**Work order**
Which of the lines below hold the word "made"? Pull each of them out.

**Raw data**
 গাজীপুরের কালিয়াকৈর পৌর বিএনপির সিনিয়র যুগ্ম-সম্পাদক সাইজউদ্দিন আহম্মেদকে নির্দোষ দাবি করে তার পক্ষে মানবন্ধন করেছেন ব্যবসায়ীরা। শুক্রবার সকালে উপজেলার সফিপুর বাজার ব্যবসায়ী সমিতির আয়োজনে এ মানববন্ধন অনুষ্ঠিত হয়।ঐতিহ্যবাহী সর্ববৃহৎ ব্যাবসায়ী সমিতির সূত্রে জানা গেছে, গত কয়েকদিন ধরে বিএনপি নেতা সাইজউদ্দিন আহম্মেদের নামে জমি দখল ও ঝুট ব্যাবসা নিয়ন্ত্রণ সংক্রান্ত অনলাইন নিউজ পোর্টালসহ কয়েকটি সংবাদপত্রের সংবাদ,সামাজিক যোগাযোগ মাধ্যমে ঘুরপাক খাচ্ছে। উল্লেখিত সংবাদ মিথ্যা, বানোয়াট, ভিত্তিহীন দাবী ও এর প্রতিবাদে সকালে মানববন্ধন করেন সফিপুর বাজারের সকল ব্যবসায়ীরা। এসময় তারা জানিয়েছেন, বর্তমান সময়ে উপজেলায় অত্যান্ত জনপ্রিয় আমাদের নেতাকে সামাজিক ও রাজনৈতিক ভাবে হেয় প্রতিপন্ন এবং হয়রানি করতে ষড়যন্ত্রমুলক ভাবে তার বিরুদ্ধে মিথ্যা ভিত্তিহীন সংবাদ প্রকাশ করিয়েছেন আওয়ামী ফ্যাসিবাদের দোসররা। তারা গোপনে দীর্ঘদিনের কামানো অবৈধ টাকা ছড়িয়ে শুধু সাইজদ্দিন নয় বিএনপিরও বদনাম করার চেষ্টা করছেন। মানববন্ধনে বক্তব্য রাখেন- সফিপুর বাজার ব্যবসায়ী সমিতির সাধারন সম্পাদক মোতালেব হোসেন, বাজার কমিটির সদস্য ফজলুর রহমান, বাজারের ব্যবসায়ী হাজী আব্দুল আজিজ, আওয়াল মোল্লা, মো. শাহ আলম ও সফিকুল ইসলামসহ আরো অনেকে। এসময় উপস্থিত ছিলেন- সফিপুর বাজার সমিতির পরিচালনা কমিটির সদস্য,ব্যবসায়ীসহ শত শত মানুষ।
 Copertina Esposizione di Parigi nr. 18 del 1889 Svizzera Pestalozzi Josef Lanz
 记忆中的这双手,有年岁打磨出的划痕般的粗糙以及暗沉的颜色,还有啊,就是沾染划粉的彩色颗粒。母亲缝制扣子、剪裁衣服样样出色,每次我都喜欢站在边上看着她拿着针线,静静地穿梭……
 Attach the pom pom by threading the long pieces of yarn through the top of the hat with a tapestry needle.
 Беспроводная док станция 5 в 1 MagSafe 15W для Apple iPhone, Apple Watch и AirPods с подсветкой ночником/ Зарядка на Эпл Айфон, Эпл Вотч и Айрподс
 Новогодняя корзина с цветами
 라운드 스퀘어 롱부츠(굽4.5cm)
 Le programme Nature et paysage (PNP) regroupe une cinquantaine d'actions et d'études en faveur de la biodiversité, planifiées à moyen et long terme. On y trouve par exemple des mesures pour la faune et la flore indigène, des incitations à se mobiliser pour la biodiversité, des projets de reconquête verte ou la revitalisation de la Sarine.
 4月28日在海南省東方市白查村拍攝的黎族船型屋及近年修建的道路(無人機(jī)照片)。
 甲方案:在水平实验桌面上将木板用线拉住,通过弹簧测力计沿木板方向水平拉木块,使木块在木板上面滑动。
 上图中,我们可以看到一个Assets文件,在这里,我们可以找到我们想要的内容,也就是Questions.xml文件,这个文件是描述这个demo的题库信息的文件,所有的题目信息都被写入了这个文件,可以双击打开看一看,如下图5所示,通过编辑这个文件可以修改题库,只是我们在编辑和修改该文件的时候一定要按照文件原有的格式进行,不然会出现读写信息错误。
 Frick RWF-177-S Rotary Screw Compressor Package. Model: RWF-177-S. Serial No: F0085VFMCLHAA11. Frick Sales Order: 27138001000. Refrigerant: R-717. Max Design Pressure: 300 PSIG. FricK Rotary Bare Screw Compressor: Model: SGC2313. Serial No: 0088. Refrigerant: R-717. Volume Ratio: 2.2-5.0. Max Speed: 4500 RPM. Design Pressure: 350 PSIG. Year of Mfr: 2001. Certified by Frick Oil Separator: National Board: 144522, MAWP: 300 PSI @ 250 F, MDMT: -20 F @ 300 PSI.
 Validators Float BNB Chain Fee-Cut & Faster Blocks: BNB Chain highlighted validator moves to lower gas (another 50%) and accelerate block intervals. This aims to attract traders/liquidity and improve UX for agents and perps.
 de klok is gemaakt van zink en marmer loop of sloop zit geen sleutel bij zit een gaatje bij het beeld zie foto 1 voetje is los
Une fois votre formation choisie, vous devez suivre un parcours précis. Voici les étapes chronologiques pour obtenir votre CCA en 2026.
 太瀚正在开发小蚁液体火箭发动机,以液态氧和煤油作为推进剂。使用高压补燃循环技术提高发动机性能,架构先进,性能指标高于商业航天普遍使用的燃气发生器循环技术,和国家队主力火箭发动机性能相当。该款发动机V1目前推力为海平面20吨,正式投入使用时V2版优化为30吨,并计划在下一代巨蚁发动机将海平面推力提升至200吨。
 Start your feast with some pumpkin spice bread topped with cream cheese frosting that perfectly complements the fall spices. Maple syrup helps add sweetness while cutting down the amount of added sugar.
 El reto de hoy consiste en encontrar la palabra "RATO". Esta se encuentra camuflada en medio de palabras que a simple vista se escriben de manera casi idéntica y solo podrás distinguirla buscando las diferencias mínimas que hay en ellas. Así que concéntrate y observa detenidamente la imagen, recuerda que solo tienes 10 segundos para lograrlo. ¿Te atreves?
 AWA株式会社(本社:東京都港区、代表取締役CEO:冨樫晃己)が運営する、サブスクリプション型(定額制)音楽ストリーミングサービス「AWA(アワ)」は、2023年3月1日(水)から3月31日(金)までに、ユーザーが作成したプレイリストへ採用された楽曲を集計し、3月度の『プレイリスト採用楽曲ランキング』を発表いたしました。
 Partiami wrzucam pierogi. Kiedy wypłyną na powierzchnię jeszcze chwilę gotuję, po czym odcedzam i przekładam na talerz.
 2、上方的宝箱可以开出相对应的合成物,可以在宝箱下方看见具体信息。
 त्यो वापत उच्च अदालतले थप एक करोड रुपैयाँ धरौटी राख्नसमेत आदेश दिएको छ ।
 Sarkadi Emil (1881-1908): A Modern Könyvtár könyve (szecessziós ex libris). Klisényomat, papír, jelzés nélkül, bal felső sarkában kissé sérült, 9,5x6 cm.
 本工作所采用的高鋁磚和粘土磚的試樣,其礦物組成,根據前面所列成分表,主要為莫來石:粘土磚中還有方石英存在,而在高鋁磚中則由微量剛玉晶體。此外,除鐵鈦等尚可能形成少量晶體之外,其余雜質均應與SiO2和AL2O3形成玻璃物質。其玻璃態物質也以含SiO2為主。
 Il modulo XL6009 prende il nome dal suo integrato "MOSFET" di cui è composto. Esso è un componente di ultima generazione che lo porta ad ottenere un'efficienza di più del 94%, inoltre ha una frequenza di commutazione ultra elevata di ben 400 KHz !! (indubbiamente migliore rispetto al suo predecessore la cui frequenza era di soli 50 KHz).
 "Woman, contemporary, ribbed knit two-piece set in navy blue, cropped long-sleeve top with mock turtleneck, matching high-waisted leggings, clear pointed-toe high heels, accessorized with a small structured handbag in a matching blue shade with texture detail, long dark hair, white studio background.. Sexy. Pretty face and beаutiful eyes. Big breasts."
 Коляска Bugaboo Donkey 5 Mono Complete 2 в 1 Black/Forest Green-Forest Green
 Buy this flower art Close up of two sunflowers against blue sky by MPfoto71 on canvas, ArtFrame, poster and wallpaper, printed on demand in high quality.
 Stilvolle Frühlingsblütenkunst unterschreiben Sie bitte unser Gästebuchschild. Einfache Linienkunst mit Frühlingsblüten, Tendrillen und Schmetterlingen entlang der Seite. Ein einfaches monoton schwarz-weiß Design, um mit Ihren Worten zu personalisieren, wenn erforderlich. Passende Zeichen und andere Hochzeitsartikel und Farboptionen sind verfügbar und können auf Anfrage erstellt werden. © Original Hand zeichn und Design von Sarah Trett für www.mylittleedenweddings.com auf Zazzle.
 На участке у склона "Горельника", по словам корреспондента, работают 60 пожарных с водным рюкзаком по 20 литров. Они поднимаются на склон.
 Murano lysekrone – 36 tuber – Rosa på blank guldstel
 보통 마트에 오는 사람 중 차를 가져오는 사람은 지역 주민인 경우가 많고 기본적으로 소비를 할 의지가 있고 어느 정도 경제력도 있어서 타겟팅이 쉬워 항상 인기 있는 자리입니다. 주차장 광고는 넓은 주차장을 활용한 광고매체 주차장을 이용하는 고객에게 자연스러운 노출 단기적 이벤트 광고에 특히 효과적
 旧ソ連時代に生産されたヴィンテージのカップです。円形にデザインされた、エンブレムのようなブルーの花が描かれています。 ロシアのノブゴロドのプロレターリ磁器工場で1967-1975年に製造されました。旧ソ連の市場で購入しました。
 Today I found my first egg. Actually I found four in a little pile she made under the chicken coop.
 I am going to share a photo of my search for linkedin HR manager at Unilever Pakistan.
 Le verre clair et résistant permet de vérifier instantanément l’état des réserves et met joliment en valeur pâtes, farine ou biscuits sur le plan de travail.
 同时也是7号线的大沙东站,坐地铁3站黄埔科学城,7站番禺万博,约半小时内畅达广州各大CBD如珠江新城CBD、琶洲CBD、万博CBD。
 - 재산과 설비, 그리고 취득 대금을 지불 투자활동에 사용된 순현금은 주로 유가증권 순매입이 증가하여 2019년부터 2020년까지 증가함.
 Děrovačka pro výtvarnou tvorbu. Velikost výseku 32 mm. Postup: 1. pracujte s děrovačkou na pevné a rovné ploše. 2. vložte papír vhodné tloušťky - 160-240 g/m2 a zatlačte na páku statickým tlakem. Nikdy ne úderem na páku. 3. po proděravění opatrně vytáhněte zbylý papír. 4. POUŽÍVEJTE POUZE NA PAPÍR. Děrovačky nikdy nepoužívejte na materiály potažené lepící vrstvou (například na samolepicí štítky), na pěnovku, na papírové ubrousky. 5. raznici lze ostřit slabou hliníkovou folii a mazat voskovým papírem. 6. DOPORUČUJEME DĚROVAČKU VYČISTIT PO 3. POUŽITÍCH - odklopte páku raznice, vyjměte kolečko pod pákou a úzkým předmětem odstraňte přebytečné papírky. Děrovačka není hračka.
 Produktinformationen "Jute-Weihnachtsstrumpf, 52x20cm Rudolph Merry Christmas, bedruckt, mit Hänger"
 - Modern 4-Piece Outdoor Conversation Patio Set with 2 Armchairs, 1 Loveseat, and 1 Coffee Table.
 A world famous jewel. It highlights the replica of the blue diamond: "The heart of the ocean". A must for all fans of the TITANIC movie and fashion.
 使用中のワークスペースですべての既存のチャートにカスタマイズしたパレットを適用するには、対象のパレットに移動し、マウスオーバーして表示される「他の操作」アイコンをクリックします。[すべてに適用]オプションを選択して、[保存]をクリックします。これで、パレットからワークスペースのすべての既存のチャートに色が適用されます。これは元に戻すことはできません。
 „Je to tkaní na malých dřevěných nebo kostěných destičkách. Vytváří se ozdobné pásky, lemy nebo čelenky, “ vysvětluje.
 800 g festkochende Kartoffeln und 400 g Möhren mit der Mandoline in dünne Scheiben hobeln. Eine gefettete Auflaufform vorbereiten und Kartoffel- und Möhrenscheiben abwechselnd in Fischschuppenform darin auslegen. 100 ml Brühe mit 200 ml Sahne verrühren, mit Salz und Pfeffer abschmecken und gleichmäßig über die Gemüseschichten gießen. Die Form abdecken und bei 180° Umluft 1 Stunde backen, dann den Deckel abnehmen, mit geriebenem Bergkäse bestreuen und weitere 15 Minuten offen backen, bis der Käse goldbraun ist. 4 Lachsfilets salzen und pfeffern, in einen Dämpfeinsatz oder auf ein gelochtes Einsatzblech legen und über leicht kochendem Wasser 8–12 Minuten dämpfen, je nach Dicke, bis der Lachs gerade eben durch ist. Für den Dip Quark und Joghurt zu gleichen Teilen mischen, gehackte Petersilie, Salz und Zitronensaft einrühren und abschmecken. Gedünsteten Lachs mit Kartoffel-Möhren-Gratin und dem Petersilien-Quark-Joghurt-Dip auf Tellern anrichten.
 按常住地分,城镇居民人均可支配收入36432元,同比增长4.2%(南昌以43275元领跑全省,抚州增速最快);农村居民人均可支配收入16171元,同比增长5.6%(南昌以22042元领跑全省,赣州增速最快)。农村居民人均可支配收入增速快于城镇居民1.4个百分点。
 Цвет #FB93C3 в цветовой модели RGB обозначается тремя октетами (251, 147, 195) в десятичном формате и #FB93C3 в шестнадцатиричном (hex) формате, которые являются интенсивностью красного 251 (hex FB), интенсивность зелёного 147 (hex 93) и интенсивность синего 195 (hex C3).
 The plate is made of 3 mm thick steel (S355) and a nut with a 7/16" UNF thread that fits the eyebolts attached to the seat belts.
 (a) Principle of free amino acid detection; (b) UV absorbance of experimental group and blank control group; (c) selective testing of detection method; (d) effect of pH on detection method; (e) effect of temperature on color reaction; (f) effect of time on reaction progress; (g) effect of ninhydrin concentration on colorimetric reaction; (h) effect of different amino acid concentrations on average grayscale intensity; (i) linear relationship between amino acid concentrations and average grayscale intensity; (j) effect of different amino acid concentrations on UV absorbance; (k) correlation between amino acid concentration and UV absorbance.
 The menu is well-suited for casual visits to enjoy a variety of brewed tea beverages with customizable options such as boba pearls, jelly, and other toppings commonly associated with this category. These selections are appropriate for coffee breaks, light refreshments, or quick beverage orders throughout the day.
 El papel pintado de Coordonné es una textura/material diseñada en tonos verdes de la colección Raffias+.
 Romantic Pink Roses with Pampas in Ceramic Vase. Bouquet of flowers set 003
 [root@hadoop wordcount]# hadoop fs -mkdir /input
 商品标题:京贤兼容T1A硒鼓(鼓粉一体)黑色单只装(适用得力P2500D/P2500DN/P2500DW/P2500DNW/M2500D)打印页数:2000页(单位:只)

**Solution to this exercise**
 Today I found my first egg. Actually I found four in a little pile she made under the chicken coop.
 The plate is made of 3 mm thick steel (S355) and a nut with a 7/16" UNF thread that fits the eyebolts attached to the seat belts.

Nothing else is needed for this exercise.